- Directed by: Johannes Schaaf
- Screenplay by: Johannes Schaaf; Rosemarie Fendel; ;
- Based on: The Other Side by Alfred Kubin
- Produced by: Heinz Angermeyer
- Starring: Per Oscarsson; Rosemarie Fendel; ;
- Cinematography: Klaus König [de]; Gérard Vandenberg [de]; ;
- Edited by: Russell Parker
- Music by: Eberhard Schoener
- Production company: Independent Film Heinz Angermeyer
- Distributed by: Constantin Film
- Release date: 15 November 1973;
- Running time: 124 minutes
- Country: West Germany
- Language: German
- Budget: 2 million DM

= Dream City (film) =

1973 West German film directed by Johannes Schaaf

Dream City (Traumstadt) is a 1973 West German drama film directed by Johannes Schaaf and starring Per Oscarsson and Rosemarie Fendel.

==Plot==
An artist couple from Munich move to a supposed utopian state that has been set up in Asia.

==Cast==
- Per Oscarsson as Florian Sand
- Rosemarie Fendel as Anna Sand
- Olimpia as The Girl
- Eva Maria Meineke as Mrs.
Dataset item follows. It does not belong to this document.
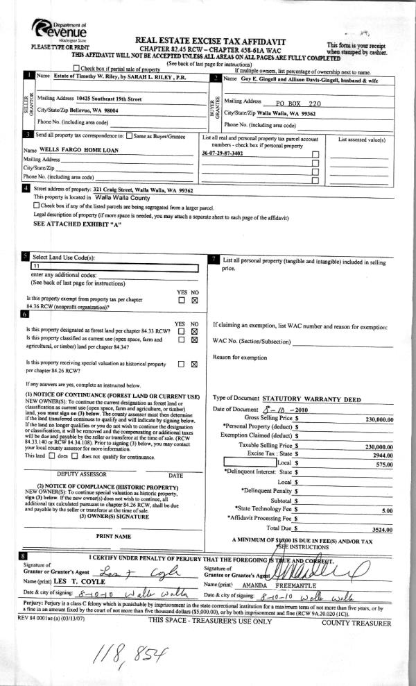 | 3 | 08/11/2010 | WARRANTY D | WARRANTY DEED | RILEY, TIMOTHY ESTATE OF | GINGELL, GUY E | | | $230,000.00 | 118854 | 2010-06212 |

Lampenbogen
- Helen Vita as Princess
- Heinrich Schweiger as Mr. Gautsch
- Ron Williams as Hercules Bell
- Alexander May as Dr. Lampenbogen
- Louis Waldon as Louis
- Josef Hlinomaz as Magistrate
- Herbert Bötticher as Sir Edward
- Emil Iserle as Prof. Korntheur
- Suacina Krytenés as Ludwig the Dwarf

==Production==
The film is loosely based on the 1909 novel The Other Side by Alfred Kubin, transposed from the Mitteleuropa of its day to 1970s West Germany. The production budget was two million Deutsche Mark. Filming took six months and took place in Czechoslovakia, especially Krumlov, and Israel.

==Reception==
Vincent Canby of The New York Times called the film "an interior decorator's dream, full of bizarre sets, costumes and make-up", and described it as a "nightmare that can't make up its mind whether its interests are psychological or political".